On Thu, Sep 9, 2021 at 8:33 PM Antonin Houska <ah@cybertec.at> wrote:
>
> The cfbot complained that the patch series no longer applies, so I've rebased
> it and also tried to make sure that the other flags become green.
>
> One particular problem was that pg_upgrade complained that "live undo data"
> remains in the old cluster. I found out that the temporary undo log causes the
> problem, so I've adjusted the query in check_for_undo_data() accordingly until
> the problem gets fixed properly.
>
> The problem of the temporary undo log is that it's loaded into local buffers
> and that backend can exit w/o flushing local buffers to disk, and thus we are
> not guaranteed to find enough information when trying to discard the undo log
> the backend wrote. I'm thinking about the following solutions:
>
> 1. Let the backend manage temporary undo log on its own (even the slot
> metadata would stay outside the shared memory, and in particular the
> insertion pointer could start from 1 for each session) and remove the
> segment files at the same moment the temporary relations are removed.
>
> However, by moving the temporary undo slots away from the shared memory,
> computation of oldestFullXidHavingUndo (see the PROC_HDR structure) would
> be affected.

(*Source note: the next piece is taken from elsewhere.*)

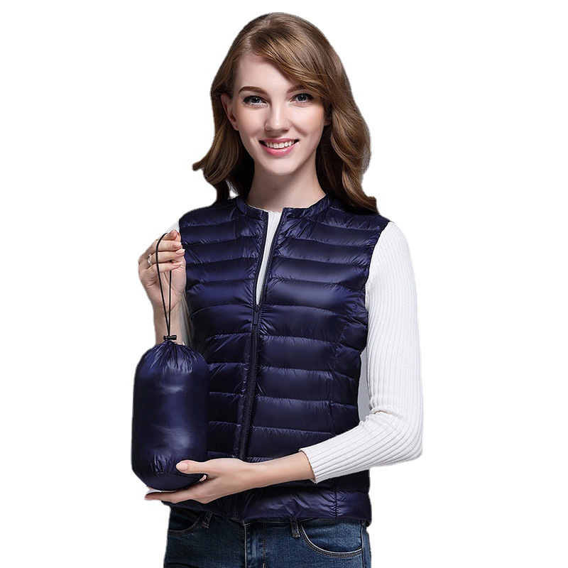 Autumn 2022 New Round Neck Collarless Short Vest Women's Light Down Zipper Vest Sleeveless Inner Tank Vest

It might seem that a transaction which only writes undo log
> for temporary relations does not need to affect oldestFullXidHavingUndo,
> but it needs to be analyzed thoroughly. Since oldestFullXidHavingUndo
> prevents transactions to be truncated from the CLOG too early, I wonder if
> the following is possible (This scenario is only applicable to the zheap
> storage engine [1], which is not included in this patch, but should already
> be considered.):
>
> A transaction creates a temporary table, does some (many) changes and then
> gets rolled back. The undo records are being applied and it takes some
> time. Since XID of the transaction did not affect oldestFullXidHavingUndo,
> the XID can disappear from the CLOG due to truncation.
>
By above do you mean to say that in zheap code, we don't consider XIDs
that operate on temp table/undo for oldestFullXidHavingUndo?
> However zundo.c in
> [1] indicates that the transaction status *is* checked during undo
> execution, so we might have a problem.
>
It would be easier to follow if you can tell which exact code are you
referring here?
--
With Regards,
Amit Kapila.